The problem is not just interception of ever-increasing quantities of
communications, it is moving the information back to NSA. "Well, what
are all these communications you're going to bring back to the building
and process?" asked a senior intelligence official involved in Sigint.
"You've got to have a pipeline to bring them back. You've got to have
bandwidth, which is expensive, and which is limited. It's finite. You can't
just get all the bandwidth in the world and ship everything back here. So
you've got a physics problem. . . . You've got to get a real big pipe and
there is no such big pipe that exists."
Even if the avalanche of signals could successfully be diverted back to
Fort Meade, there would never be enough people to process it all.
"Supposing you pipe every communication that goes on in China back to
the United States," said the senior Sigint official. "Then you've got to have
somebody process it. You've got to have a linguist listen to it.
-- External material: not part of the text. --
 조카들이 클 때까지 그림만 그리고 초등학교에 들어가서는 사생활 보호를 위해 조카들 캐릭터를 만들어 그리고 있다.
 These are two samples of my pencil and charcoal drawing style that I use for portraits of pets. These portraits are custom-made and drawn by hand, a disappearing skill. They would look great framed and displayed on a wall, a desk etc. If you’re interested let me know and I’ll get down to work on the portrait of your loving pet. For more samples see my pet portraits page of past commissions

And the
chances of your ever digging out from under the pile of information and
finding what's important [are] miniscule. . . . You don't have the
linguistic resources to deal with that kind of problem."
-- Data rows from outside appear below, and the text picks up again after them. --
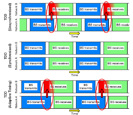 对于LTE TD D系统,因为是时分双工,这对系统的时钟同步要求很高。如同一个网络中的某基站A与周围其他基站的时钟不同步,这就造成基站A的DL信号被周围的基站接收到,故而干扰到了周围基站的上行接收。如下图示意的,时钟不同步的A基站发射信号干扰到了B基站的上行接收。通常基站天线比较高,典型的如城区30m,郊区40m,两个基站天线间可能都是视距传播,一个基站的发射信号很容易被其他基站接收到。因而干扰会很严重。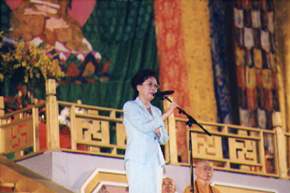 呂副總統秀蓮女士今天上午分別參加第三屆民視台語文研討會及九十一年全國供佛僧齋大會暨仁王護國息災大法會,並應邀致詞。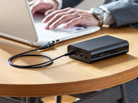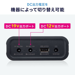 DC出力は12Vと19V、最大3.5Aに対応し、5V/2.4AのUSB Type-A出力も備える。容量は20,000mAh、残量が分かるLEDインジケータを装備する。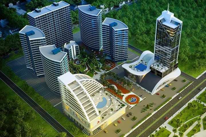 სასტუმრო-საცხოვრებელი კომპლექსი შედგება ორი 16-სართულიანი და ორი 18-სართულიანი შენობებისაგან.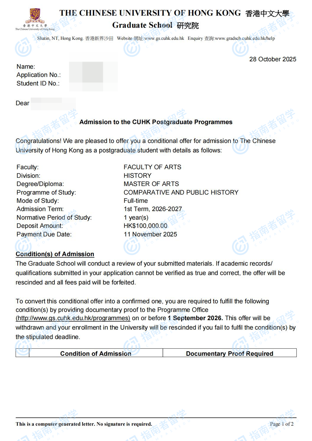 香港中文大学比较及公众历史学文学硕士研究生offer一枚
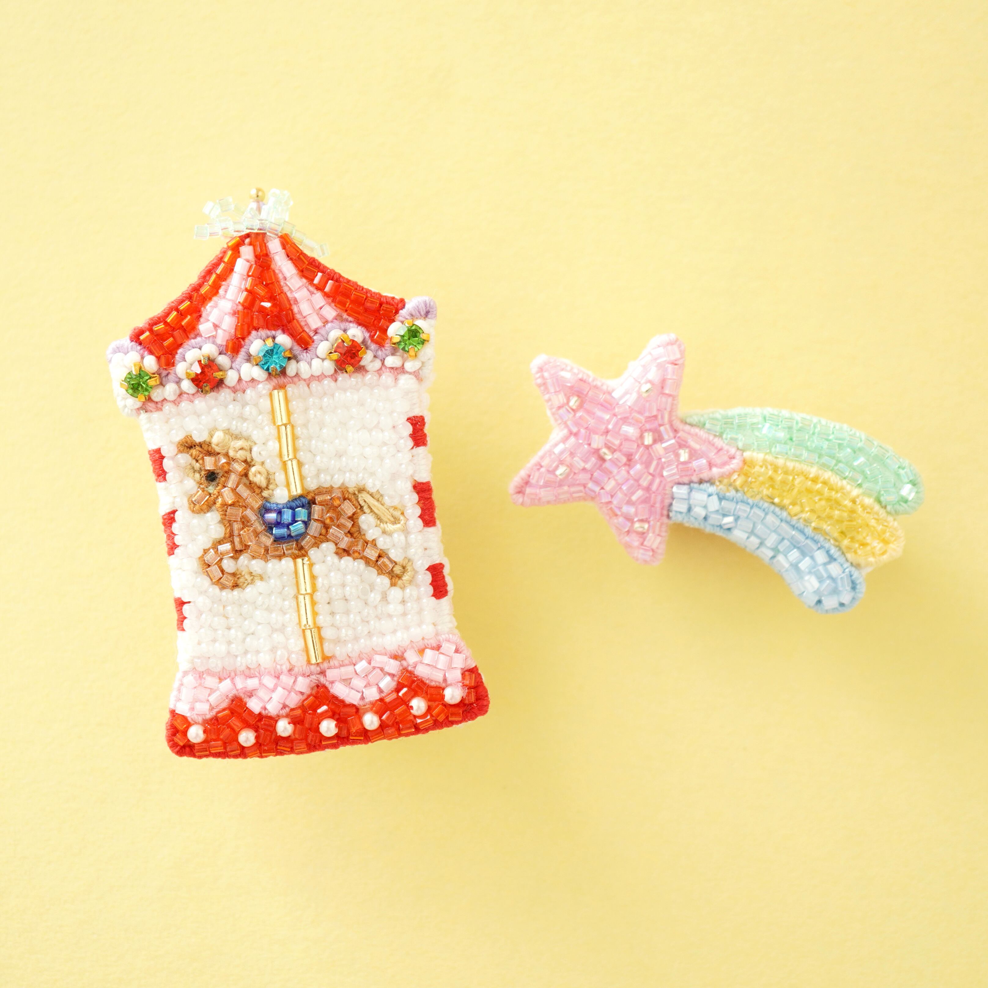 ビーズ刺繍で制作したメリーゴーランドのブローチと流れ星のブローチのセットです。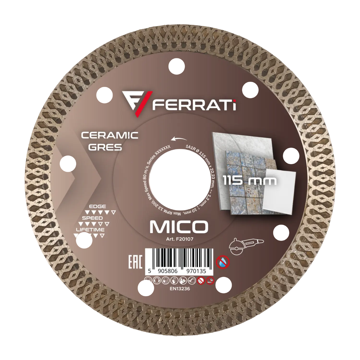 MICO bazuje na segmencie profilowanym nadającym jej lekkości w pracy i zręcznie łączącym skuteczność, jakość i niską cenę. Osiąga bardzo dobre rezultaty we wszystkich typach płytek ceramicznych i gresowych czyniąc ją podstawową w codziennej pracy. Doskonałe wykończenie pozwala osiągać bardzo dobry efekt czystego cięcia. Charakterystyczna konstrukcja segmentu minimalizuje opór i sprawnie wcina się w twardy materiał.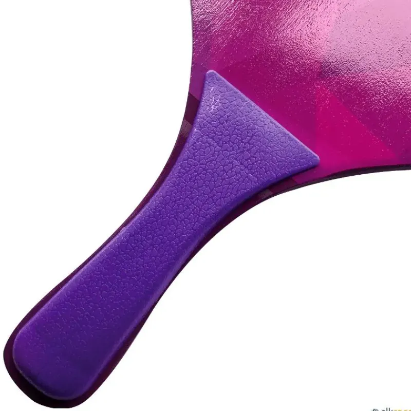 Raquetas fabricadas en madera Poplar, lo que les hace ser más resistentes que las convencionales. Permite jugar con la clásica pelota de goma, que les acompaña, o incluso con otras de mayor dimensión y peso como las de espuma, pelotas cometa, etc. No usar con pelotas de tenis.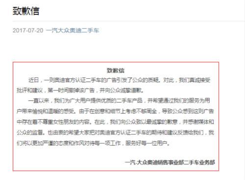 7月20日,一汽-大众奥迪销售事业部二手车业务部发布致歉信,就之前发布让公众感到广告存在着不尊重女性朋友的内容向公众致歉。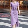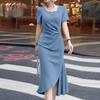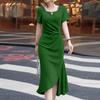 ZANZEA Damska kwadratowy dekolt letnia casualowa krótki rękaw dopasowana sukienka typu ołówkowego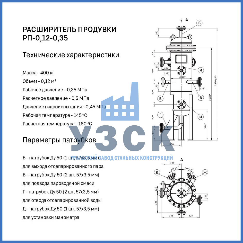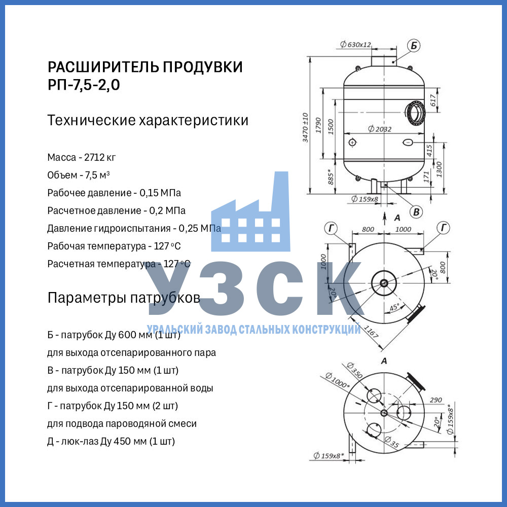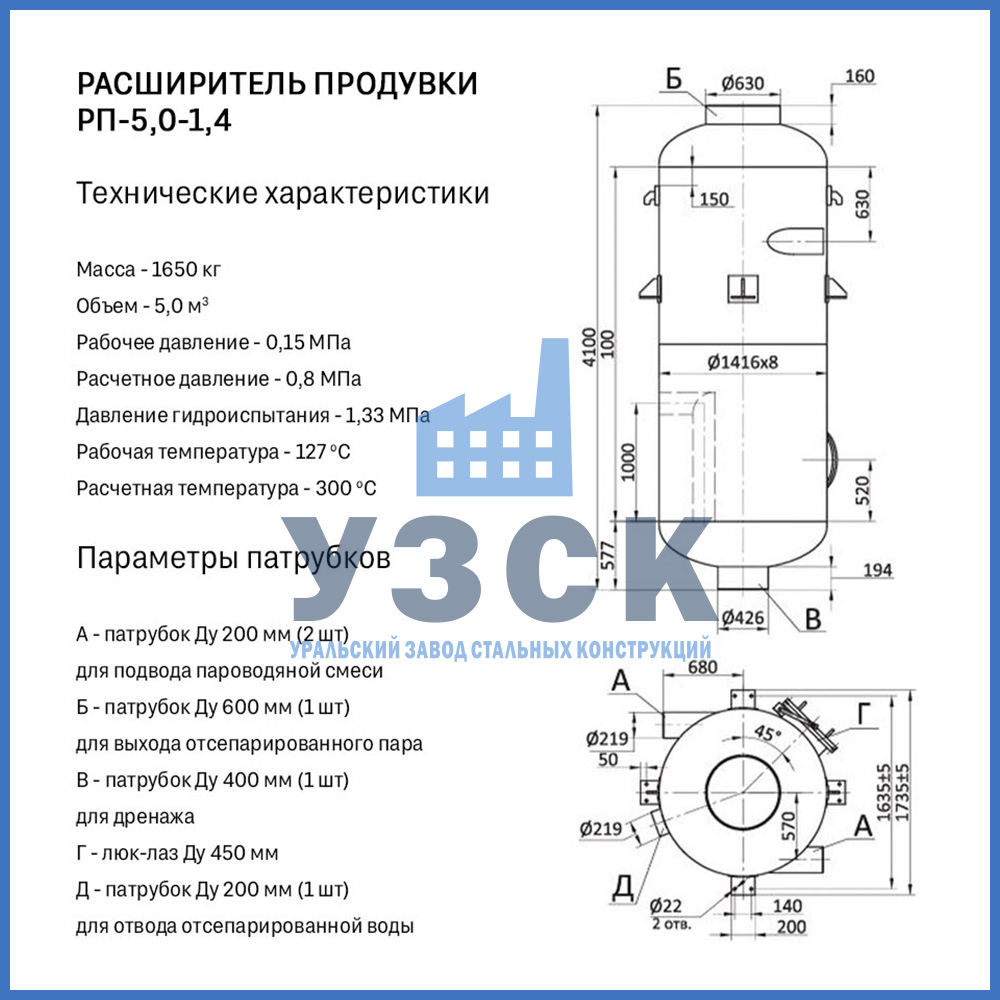 Конструктивно расширитель продувки (РП) — это вертикальный цилиндрический сосуд, изготавливаемый из стальной обечайки с эллиптическими днищами. Стандартная комплектация включает:

The answer is using powerful computers to filter as much intercepted
information as possible at the front end”the point of interception”such
as at Menwith Hill Station, NSA's massive satellite listening post in
central England. "You've got the antenna," said the senior Sigint official,
"and now, next to it, in a building, you've got the filter. . . . You filter it by
finding out some identifier of a person or an entity that will allow you to
pick off that person's communications and throw away everybody else's. .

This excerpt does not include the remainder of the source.